Content starts
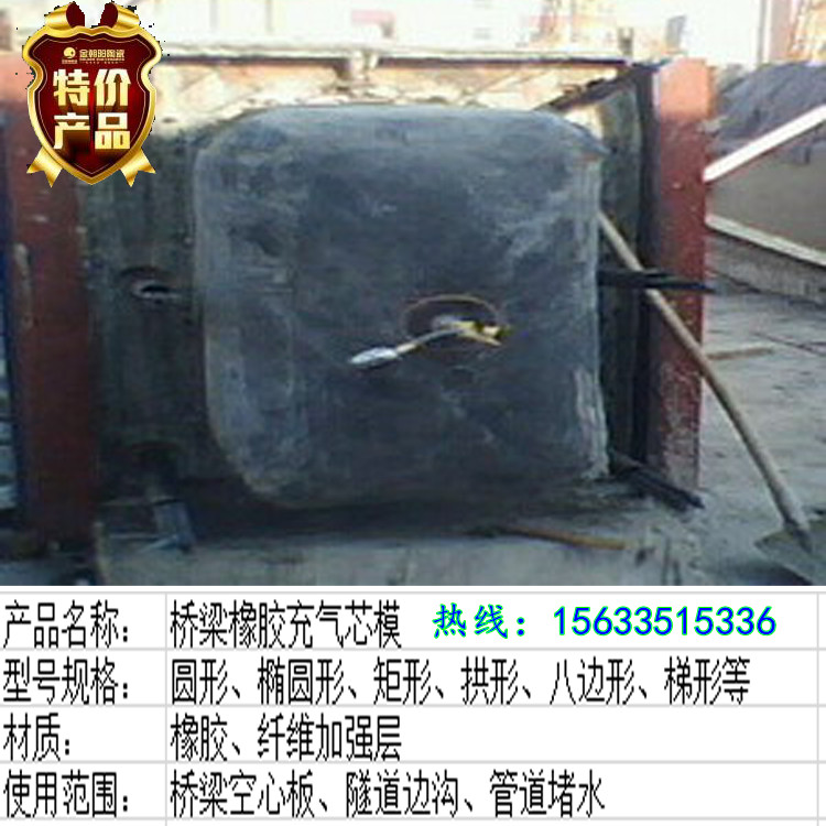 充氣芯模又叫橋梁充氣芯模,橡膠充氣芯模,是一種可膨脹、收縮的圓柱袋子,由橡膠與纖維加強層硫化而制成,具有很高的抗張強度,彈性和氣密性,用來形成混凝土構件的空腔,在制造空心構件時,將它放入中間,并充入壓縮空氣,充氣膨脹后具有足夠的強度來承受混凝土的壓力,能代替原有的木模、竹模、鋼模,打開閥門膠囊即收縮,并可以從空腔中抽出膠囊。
Content ends
Content starts
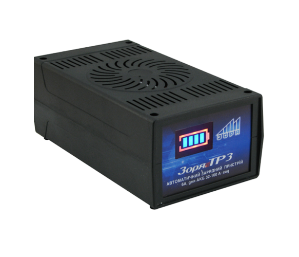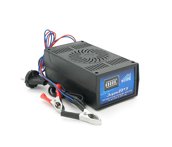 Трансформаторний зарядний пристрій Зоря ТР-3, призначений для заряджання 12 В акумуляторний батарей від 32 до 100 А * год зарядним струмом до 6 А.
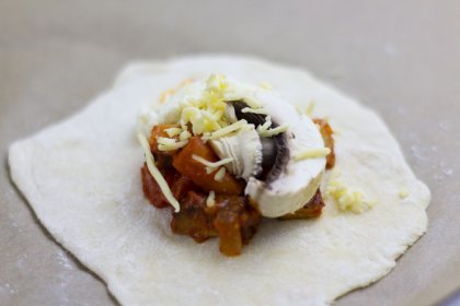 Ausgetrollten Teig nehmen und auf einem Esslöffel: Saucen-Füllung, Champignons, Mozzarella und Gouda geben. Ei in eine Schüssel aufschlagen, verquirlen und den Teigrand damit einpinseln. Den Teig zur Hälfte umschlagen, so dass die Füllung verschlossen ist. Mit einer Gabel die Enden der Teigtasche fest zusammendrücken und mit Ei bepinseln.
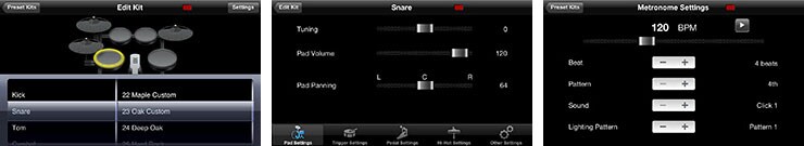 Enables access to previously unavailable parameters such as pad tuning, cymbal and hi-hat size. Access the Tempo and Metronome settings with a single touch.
Content ends
Content starts
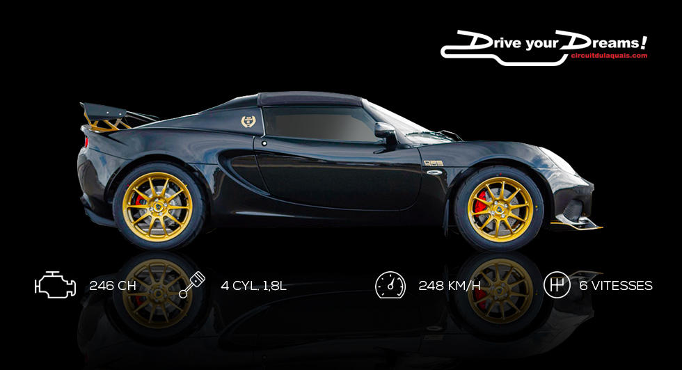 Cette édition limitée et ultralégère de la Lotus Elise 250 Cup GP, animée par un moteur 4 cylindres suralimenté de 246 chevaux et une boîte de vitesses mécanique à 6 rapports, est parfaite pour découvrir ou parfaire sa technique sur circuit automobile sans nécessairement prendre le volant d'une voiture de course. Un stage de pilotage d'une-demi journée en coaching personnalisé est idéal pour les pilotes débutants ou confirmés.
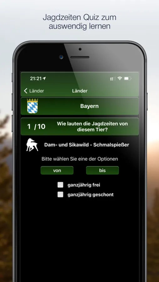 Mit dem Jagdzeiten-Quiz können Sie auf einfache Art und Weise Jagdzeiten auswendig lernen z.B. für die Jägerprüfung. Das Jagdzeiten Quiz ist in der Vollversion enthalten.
Content ends
● **PROBLEM**: Pictures do not belong in the answer. Return the lines above starting at the one with "Трансформаторний зарядний пристрій" and ending at the one with "Enables access to", both kept, exactly.

● **EXPECTED OUTPUT**:
 Трансформаторний зарядний пристрій Зоря ТР-3, призначений для заряджання 12 В акумуляторний батарей від 32 до 100 А * год зарядним струмом до 6 А.
 Ausgetrollten Teig nehmen und auf einem Esslöffel: Saucen-Füllung, Champignons, Mozzarella und Gouda geben. Ei in eine Schüssel aufschlagen, verquirlen und den Teigrand damit einpinseln. Den Teig zur Hälfte umschlagen, so dass die Füllung verschlossen ist. Mit einer Gabel die Enden der Teigtasche fest zusammendrücken und mit Ei bepinseln.
 Enables access to previously unavailable parameters such as pad tuning, cymbal and hi-hat size. Access the Tempo and Metronome settings with a single touch.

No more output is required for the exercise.